I wasn't suggesting that you weren't acting correctly, sorry if you thought so!


----------



## tocqueville (Nov 15, 2009)

Chouan said:


> I wasn't suggesting that you weren't acting correctly, sorry if you thought so!


No worries!

Sent from my iPhone using Tapatalk


----------



## eagle2250 (Mar 24, 2006)

Indeed, Donald Trump not buttoning his jacket seems the least of any issues we might wish to concern ourselves with when we are talking about Donald Trump! :crazy:


----------



## Bradley.Kohr.II (Oct 12, 2012)

I'm sure there are others who know more - would it make it easier to conceal body armor? 

Given his rather public life, I suspect he may have been wearing body armor in public for some time. 

The only billionaire I was ever aquatinted with had to take all manner of security precautions.


----------



## tocqueville (Nov 15, 2009)

Bradley.Kohr.II said:


> I'm sure there are others who know more - would it make it easier to conceal body armor?
> 
> Given his rather public life, I suspect he may have been wearing body armor in public for some time.
> 
> The only billionaire I was ever aquatinted with had to take all manner of security precautions.


You may have a point, there. Celebrity and huge wealth make one a target for all sorts of loonies. Guys who want to impress Jodie Foster. Wearing armor would be a reasonable thing for him to do.

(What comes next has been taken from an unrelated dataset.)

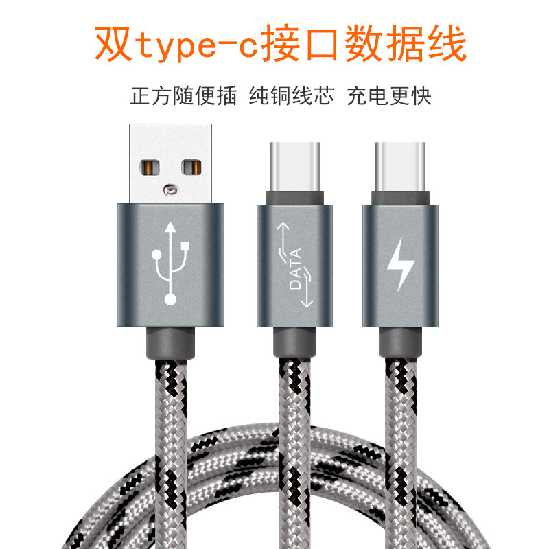 Typec data cable two-in-one Huawei P30 dual-head Apple Android one-to-two mobile phone charging cable universal

Sent from my iPhone using Tapatalk


----------



## eagle2250 (Mar 24, 2006)

^^Yes......
it would be entirely appropriate for Donald Trump, the candidate, to routinely wear a full body, Kevlar condom, as worn by Leslie Neilson and Priscilla Presley in one of the iconic(?) Naked Gun spoofs, providing complete protection and any size would almost assuredly prove to be a perfect fit! LOL.


----------



## Oldsport (Jan 3, 2012)

I understand that that he routinely wears a bullet proof vest, and that is the reason for not buttoning his jackets.



eagle2250 said:


> ^^Yes......
> it would be entirely appropriate for Donald Trump, the candidate, to routinely wear a full body, Kevlar condom, as worn by Leslie Neilson and Priscilla Presley in one of the iconic(?) Naked Gun spoofs, providing complete protection and any size would almost assuredly prove to be a perfect fit! LOL.


----------